Additionally, it is a known marker for breast cancer, and prostate cancer (135). IPO-38 that is expressed frequently through most stages of the cell cycle except during mitosis is another novel gastric tumor marker. It is also known as N-L116 antigen in many databases (136), and assigned for ameloblastomas malignancy (137). In addition, lots of highly reported gastric biomarkers such asReg IV (138, 139), serum amyloid A (SAA) (140, 141), Adipocytokine (142, 143),  sphingosine kinase 1 (SK1) (144, 145), and SM22 (146, 147) were observed during this review, but all of them were correlated with colon cancer as well. Thereby, in this study they are not considered as definite tumor marker due to having the same histological bases. As it is shown in table3, colon cancer biomarkers are introduced as specific markers including PSB7, colon-cancer specific antigen family. Colon cancer specific antigens including (CCSA)-2 (108), (CCSA)-3 (109),(CCSA)-4 (110), and (CCSA)-5        (111) are assigned with high sensitivity and specificity that are detectable in serum with high quantity. These potential markers are reported by many proteomic analyses (108, 109). Among all of these evaluated biomarkers, solely colon cancer biomarkers showed definite specificity comparing with esophageal cancer and gastric cancer. Most discovered tumor markers are not appropriate as standard clinical methods (148); a selected group of them could be useful as a feasible tool for clinical approaches. As it is reported in numerous researches, there are hundreds of nonspecific biomarkers for digestive system cancers. However, a small number of these proteins are merely observed in the nature of these cancers. More follow-up evaluations are required to lessen limitations in selective biomarker applications in clinical approaches. These verifications can be achieved via clinical examinations researches. Large-scale studies such as advanced proteomics can introduce new relevant biomarkers for achieving efficient panel (149).
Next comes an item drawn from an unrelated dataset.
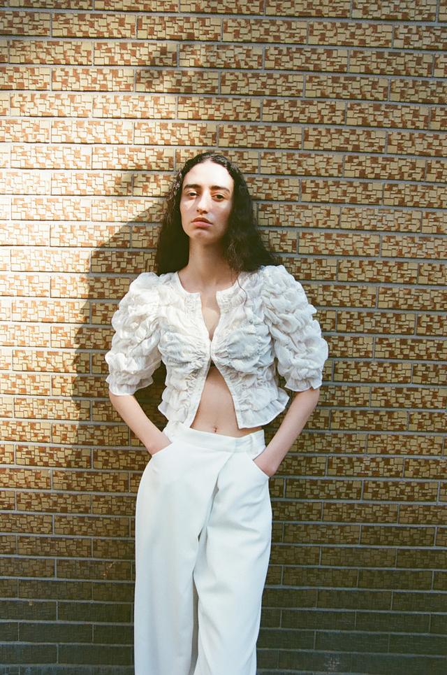 身頃はコンパクトに、袖にはパフスリーブを採用し緩急のついた立体的なシルエットに。袖丈は長めに設定しているため、二の腕もカバーいただけます。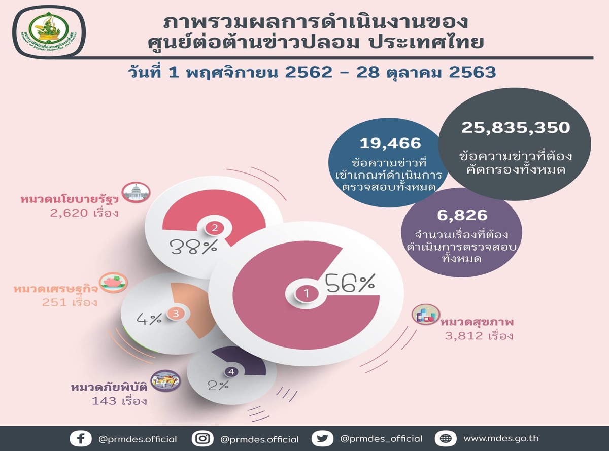 ศูนย์ต่อต้านข่าวปลอม ประเทศไทย (Anti-Fake News Center Thailand) ดำเนินการโดย กระทรวงดิจิทัลเพื่อเศรษฐกิจและสังคม (ดีอีเอส) รายงานภาพรวมผลการดำเนินงาน (1 พ.ย.62-28 ต.ค.63) จากการรวบรวมข้อมูลทั้งจากที่มีผู้แจ้งเบาะแสเข้ามา และระบบติดตามการสนทนาทางโซเชียล (Social listening) พบว่า มีจำนวนข้อความข่าวที่ต้องคัดกรองทั้งหมด 25,835,350 ข้อความ ข้อความข่าวที่เข้าเกณฑ์ดำเนินการตรวจสอบทั้งหมด 19,466 ข้อความ มีจำนวนเรื่องที่ต้องดำเนินการตรวจสอบทั้งหมด 6,826 เรื่อง โดยร้อยละ 56 เป็นข่าวในหมวดสุขภาพ 3,812 เรื่อง เรื่องเกี่ยวกับนโยบายรัฐร้อยละ 38 หรือจำนวน 2,620 เรื่อง เรื่องเกี่ยวกับเศรษฐกิจ 251 เรื่อง หรือร้อยละ4 และเรื่องเกี่ยวกับภัยพิบัติ143 เรื่อง หรือร้อยละ 2 -สำนักข่าวไทย.

It can be concluded that non-invasive methods such as proteomics provides a great number of biomarkers (-) that can be managed by clinical approaches for efficient prognosis and diagnostic purposes in a format of biomarker panel. It seems that biomarker panels play an important role in cancer management especially in diagnostic procedures in near future.

Conclusion

Nemours protein biomarkers are introduced for esophageal, gastric and colon cancers. It seems that each of them has no adequate potential for clinical application due to insufficient specificity and sensitivity. This valuable source of biomarkers can be considered for formation of biomarker panels, which are useful and precious tools in cancer management. In general, biomarker analysis and clinical examination are two important activities that can lead to introducing novel biomarker panel for accurate prognosis, diagnosis, and patients follow up.